# How to test Secondary Air Injection pump with VAG?



## VladM (Jun 5, 2005)

How to test Secondary Air Injection pump with VAG?


----------



## [email protected] (Feb 16, 2007)

what kind of car? what engine?


----------



## [email protected] (Feb 16, 2007)

I'm heading out, so i will assume its the a4 in your sig. You can test the secondary air by doing the following:
Start the engine and allow the idle to stabilize. then click:
[Select]
[01-Engine]
[Basic Settings-04]
Enter Group value 077. then click [GO]. 
Field 4 will display the test result.


----------



## VladM (Jun 5, 2005)

*Re: ([email protected])*

its in my sign.
there is a way to cycle/run the pump without engine on(I did it 2 years ago but dont remember now). how to do it?

thank you


----------



## VladM (Jun 5, 2005)

*Re: ([email protected])*

found it:
VAG-COM
engine -> on the right group of buttons 03 -> hit next, next, there you go SAI will cycle


----------



## Marcusvr6 (Mar 3, 2009)

*Re: ([email protected])*

would this work on my vr6 jetta 2000 MIV?


----------



## [email protected] (Feb 16, 2007)

It should.


----------



## 2deepn2dubs (Oct 27, 2002)

is it supposed to stay on, or cycle on and off?


----------



## Dana @ Ross-Tech (Sep 15, 2009)

2deepn2dubs said:


> is it supposed to stay on, or cycle on and off?

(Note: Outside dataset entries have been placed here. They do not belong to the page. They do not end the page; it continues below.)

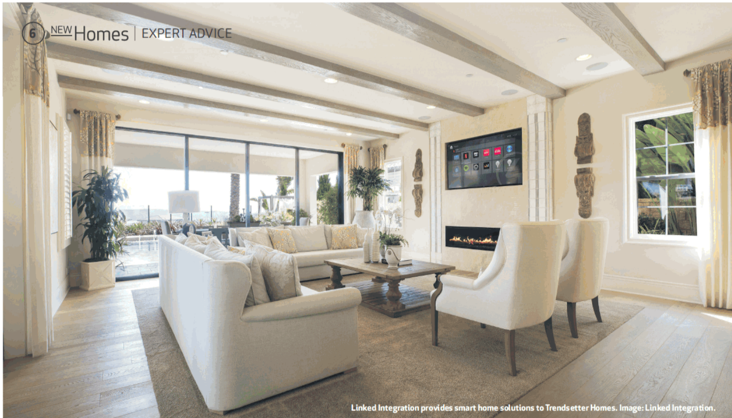
Linked Integration provides smart home solutions to Trendsetter Homes.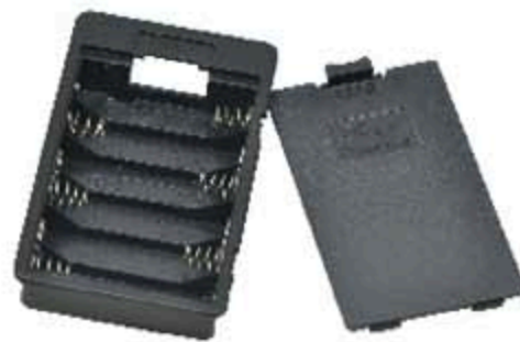
S-361(WBL) FOR SIX "AA" CELLS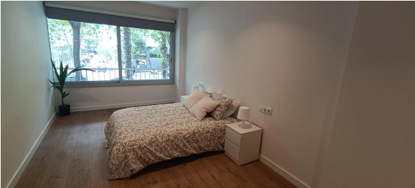
4. HABITACION 1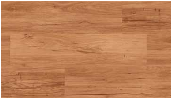
VGW39T-7LLST Antique Karri 1050mm x 250mm (41.3" x 9.85")

If you are using this procedure it will cycle:



VladM said:


> found it:
> VAG-COM
> engine -> on the right group of buttons 03 -> hit next, next, there you go SAI will cycle


Also see Output Tests

--

This would be the preferred way because all of the SAI components are tested at idle:



[email protected] said:


> I'm heading out, so i will assume its the a4 in your sig. You can test the secondary air by doing the following:
> Start the engine and allow the idle to stabilize. then click:
> [Select]
> [01-Engine]
> ...


In that case you can use the guided readiness feature using the *[Set Readiness]* button.


----------



## kdiver58 (Jan 25, 2004)

*adding to an old post*

I replaced the secondary air injection pump. 

I ran this test .. 

Start the engine and allow the idle to stabilize. then click:
[Select]
[01-Engine]
[Basic Settings-04]
Enter Group value 077. then click [GO]. 
Field 4 will display the test result.

it ran but did not give a result 
it showed Mass air flow value (I don't remember what)
and a SAI value of 96.6%
and test off .. That's it 

2003 VW GTI 1.8t AWP engine


----------



## stan067 (Feb 25, 2010)

Get the car hot and up to temp. Long drive will do it.
Then let idle and run the basic setting test.
Pump should run.
Both EVAP readiness? Purge then Leak detection pump. These may have to pass first before SAI.
No codes for anything also.

Good Luck


----------



## stan067 (Feb 25, 2010)

read this post #15

https://forums.ross-tech.com/showth...al-Problem-Solver-Guide-quot-JPPSG-quot/page2

Good Luck


----------



## MEISTER (Nov 6, 2000)

You can also run Channel 223 > Go in Basic Settings - that is the readiness test.


----------